While some say environmental disclosures aren’t as effective as they could be, they have had the effect of formalizing and standardizing knowledge throughout the industry, Housman said.

“The more important issue is, it forces companies to take a hard look at this issue at the senior-most levels, it sets up an internal auditing process,” he said. “And that’s a process that’s valuable even if the disclosures themselves are of lesser value.”

A spokesman for the SEC declined to comment on whether the commission is considering requiring corporations to disclose security measures.

Darryl Moody, president and chief operating officer of Resilient Corp., a Washington, D.C.-based security consulting firm, agrees that there is a need to improve corporate awareness and openness.

“What I have seen in the marketplace, as soon as you say it’s a homeland security initiative, they tighten up. They don’t want to hear it,” Moody said.

Building a Buzzword
Companies operating outside of the nation’s financial and government centers typically view security measures as overhead, and overhead squeezes the bottom line, he said. Some simply opt to buy terrorism insurance instead of making the investment.

To solve this problem, Moody has proposed creating a market index based on corporate “resilience,” or the ability to maintain operations or recover from a detrimental event — not unlike what Wall Street has done in rating corporations on their levels of ethical and social responsibility. His plan provides benchmarks for company comparisons and provides more intelligence than such indices often do. For example, it goes beyond merely examining a company’s security measures. Instead, each business receives a composite score based on a detailed analysis of several business functions, including an accounting of its risk-management plans, supply chain management, financial stability, and compliance with established legal guidelines, among other things.

Companies that score well typically perform well on the stock market, he said. For example, one portfolio of 70 highly resilient companies produced by Columbia Partners, a Chevy Chase, Md., management consulting firm, showed a nearly 100 percent improvement in stock performance over less resilient businesses, Moody said.

“The fact is that companies that have disruptions underperform, and what we’ve been working on is turning it around to understand those factors that lead to resilience,” said Dunlop Scott, Columbia Partners’ president and chief operating officer. Although the model, which focuses on companies with resilient supply chains, will need more work before any investment claims can be made, he said, “preliminary work shows the companies that seem to demonstrate resilience significantly outperform their peers.”

Members of Congress, including House Homeland Security Committee Chairman Bennie Thompson, D-Miss., are looking into the issue.

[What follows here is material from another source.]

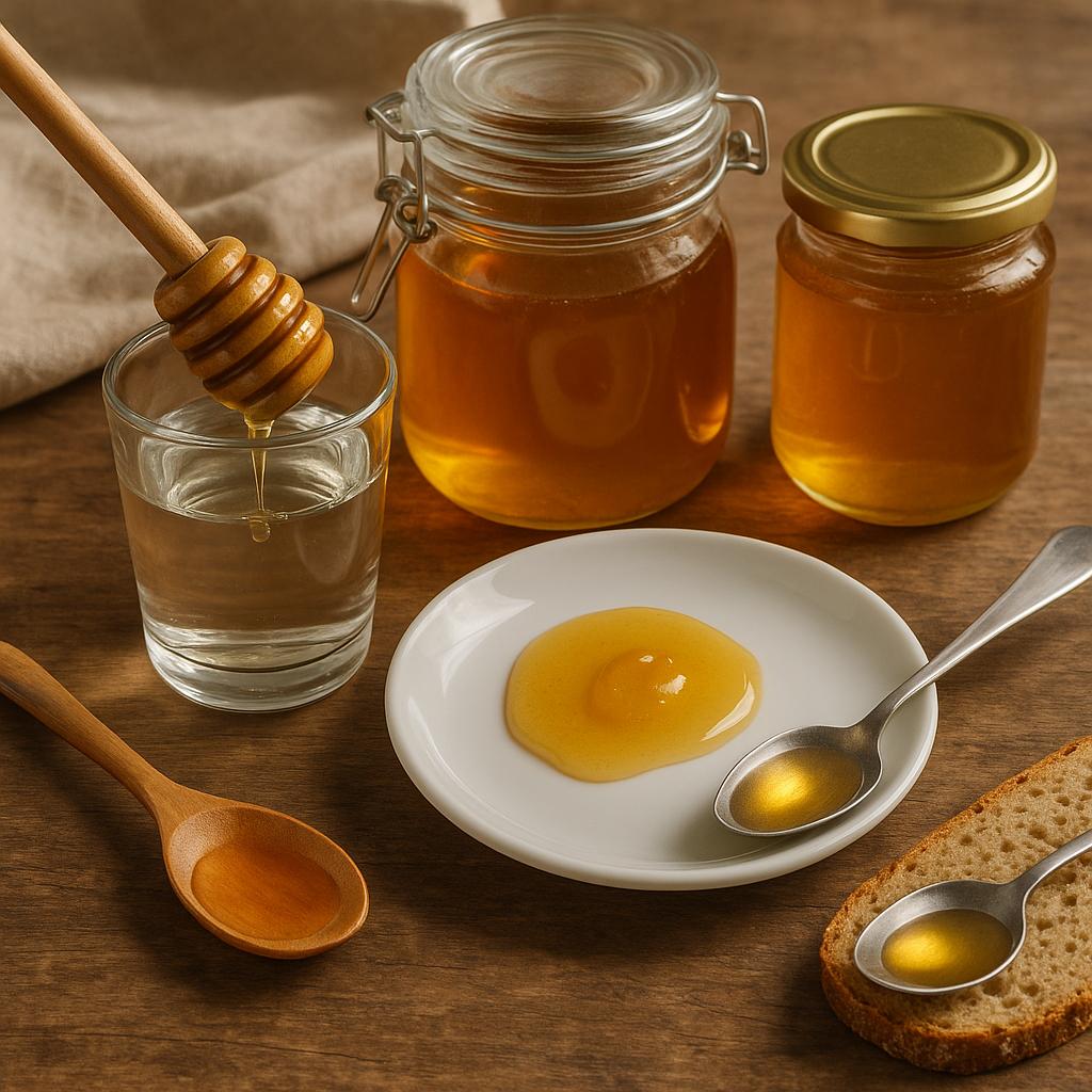 Наличие посторонних примесей в составе меда в домашних условиях можно обнаружить простыми способами. Самое простое средство — это чистая питьевая вода. Взять стакан чистой воды, добавить 1 чайную ложку меда, размешать и оставить на 60 минут. Натуральный продукт растворится полностью. В фальсификате возможно выпадение осадка, появление хлопьев на поверхности и прочих примесей.

“We need to create incentives to encourage the private sector to secure and protect itself without affecting the flow of commerce,” Thompson said. “I have directed my committee staff to thoroughly examine this. Creating resiliency within critical infrastructure appears to be an effective way to bolster both security and economic prosperity. We can — and we must — secure our infrastructure and ensure commerce at the same time.”

Hyatt CEO Pritzker agreed. Speaking at a Center for Strategic and International Studies conference in Washington in late October, he said his task after the Nov. 9, 2005, attacks in Jordan was to develop a viable security strategy for his company and employees without being overly disruptive to business.

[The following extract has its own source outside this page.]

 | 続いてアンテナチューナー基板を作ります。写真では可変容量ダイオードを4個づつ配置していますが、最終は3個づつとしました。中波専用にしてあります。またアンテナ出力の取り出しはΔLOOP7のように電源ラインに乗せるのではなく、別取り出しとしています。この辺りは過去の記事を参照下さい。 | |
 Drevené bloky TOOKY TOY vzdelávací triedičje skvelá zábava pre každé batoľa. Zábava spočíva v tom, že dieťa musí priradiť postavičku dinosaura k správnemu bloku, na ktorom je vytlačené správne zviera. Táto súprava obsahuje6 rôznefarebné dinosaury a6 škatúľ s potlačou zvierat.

Pritzker wants the U.S. government to maintain a similar mindset.

“Being in the business I’m in, I sometimes wonder whether the U.S. is involved in a war on terrorism or a war on tourism,” Pritzker said.

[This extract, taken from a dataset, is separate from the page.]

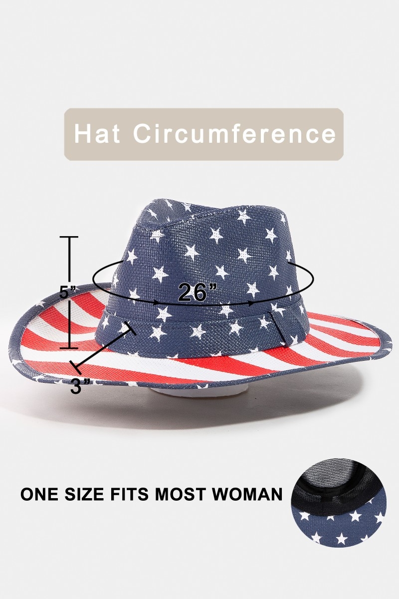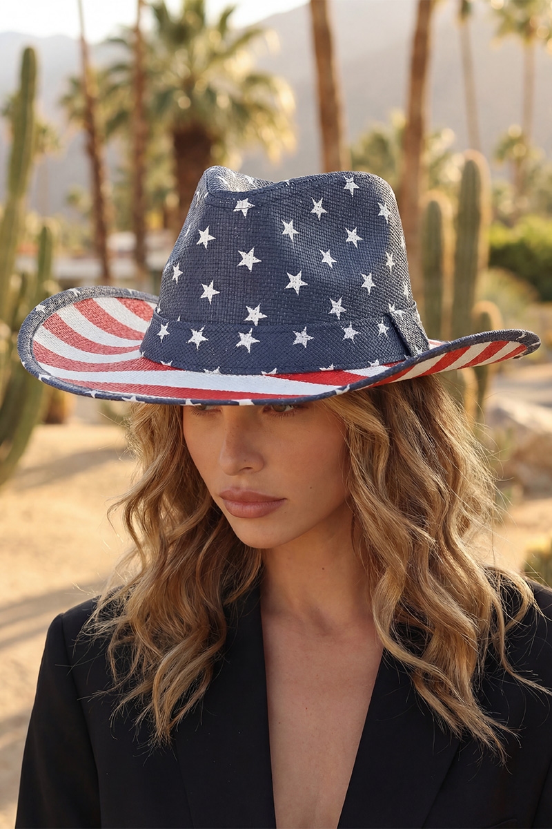 - This cowboy hat brings a luxurious patriotic classic american flag style. Immerse yourself in the details of design, as this cowboy hat effortlessly becomes a conversation starter.

“We see the effects of the approach of the government and worry that it’s developing too tight a screen in terms of visitors coming to the U.S. I know that homeland security people, Secretary Chertoff, are very aware of this, they’re very concerned about it, and they’re trying very hard to strike an appropriate balance. But whether it’s in the U.S or in Europe or in Asia, that economic consequence is one that needs to be grappled with and dealt with in a balanced fashion.”